Of Snow Storms, Plagiarism, and The Walking Dead

Last week was a really crap week. The weather went from cold to warm to cold to warm again so I had migraines tag teaming with sinus headaches so that I had one day when I didn’t want to peel my face off. I went grocery shopping and forgot my list. During the crazy weather ups and downs, we had a very short blizzard. It started snowing at about 6 and stopped about 9. During that short period we got 4 inches of snow which made the roads messy and everybody cranky. I went to Home Depot to get supplies to finally finish my kitchen backsplash and for the first time ever there, had a hard time getting help. When I finally did get help it was lackluster.

And then there was the plagiarism.

If you haven’t heard, a best selling “author” was revealed to have plagiarized large portions of her books from (when I stopped following) 29 authors including Nora Roberts, Courtney Milan, and Michelle Pillow. (I’m feeling a little left out, actually. What? My books aren’t good enough to plagiarize?) She gave ghostwriters a collection of scenes and lines and asked them to knit them together into a cohesive story which she marketed as her own ultimately landing her on the USA Today Bestseller List.

Now, there’s a lot to unpack there.

For several years now it has been “good practice” to publish fast by hiring ghostwriters to write your books. Romance readers are voracious, we were told. To stay on top you must publish fast. I watched a video series that promised to make me a Amazon All Star. It turned out to be a lead up to get me to buy a system that included a website, the names of some top ghost writers, and a list of keywords that would launch me onto bestseller lists. I felt a bit sick when i finished that video series. The whole idea of somebody else writing the book and me just selling it seems cheap. The writing is the fun part. If you just want to be a marketer, there are millions of things to get into. Luluroe for instance. And if you want to sell something you make, try beading jewelry or planner stuff.

This cheat compounded her sin by stealing other writers work. I said before that the writing is the fun part, but when I say fun I don’t mean WooHoo! PAR-TAY! fun. It’s more like making a great meal fun or remodeling a room fun. It’s a lot of hard work, but when you’re finished there’s something in the world that wasn’t there before. By plagiarizing, this cheat skipped all the fun part, and the satisfyingly hard part, by taking other people’s work. It’s sort of like if somebody nicked part of your paycheck without giving you anything in return and used it to buy a lottery ticket that won her millions, which she claims are entirely hers.
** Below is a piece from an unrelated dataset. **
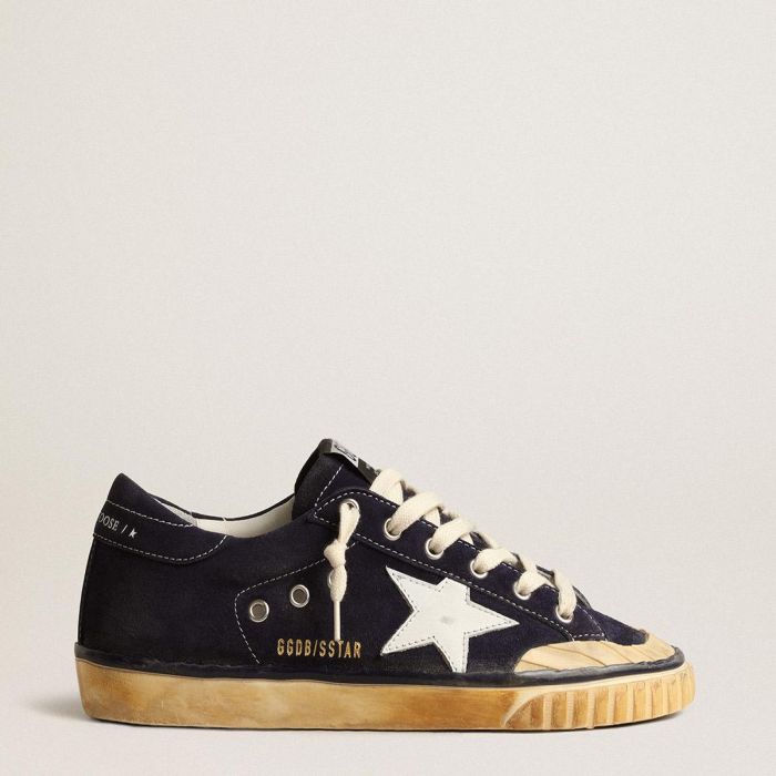 رمز خالد يتسم بالتطور المستمر. في غولدن، نحب أن نأخذ كلاسيكياتنا ونعيد صياغتها بشكل دائم، دائماً من زاوية جديدة. هذه الأحذية سوبر ستار النسائية ذات الجزء العلوي من الجلد السويدي باللون الأزرق الداكن والمميزة بغرز متباين، تتميز بنجمة بيضاء من الجلد وطرف مطاطي بنمط خام. وتضيف الأربطة بلون الكريمي اللمسة الأخيرة.

And this doesn’t just hurt the writers she stole from. It hurts the readers. We buy books from a particular author because we like the kinds of stories they write or we like their sense of humor or we like the way they turn a phrase. Whatever. If you have a stable of ghostwriters cranking out books frankensteined from bestsellers of years past then you aren’t getting a consistent voice or story. You aren’t getting a gourmet burger made entirely of beef from one cow on a bun baked with flour from an independent, organic farmer, you’re getting a McDonald’s rip off using “beef” that might be from China and might contain 10% cardboard on a bun that has more in common with Styrofoam than bread. I might have gotten carried away there, but my point is valid. When you follow an author, you do it because you like their writing, not the writing they can steal or have someone else do for them. When they cheat, when they break that trust, a casual reader will move on to movies or video games. A serious reader will retreat to reliable names and reread rather than try anyone new meaning great new writers will never get their break (and might move on to movies or video games instead of spending months writing a book.)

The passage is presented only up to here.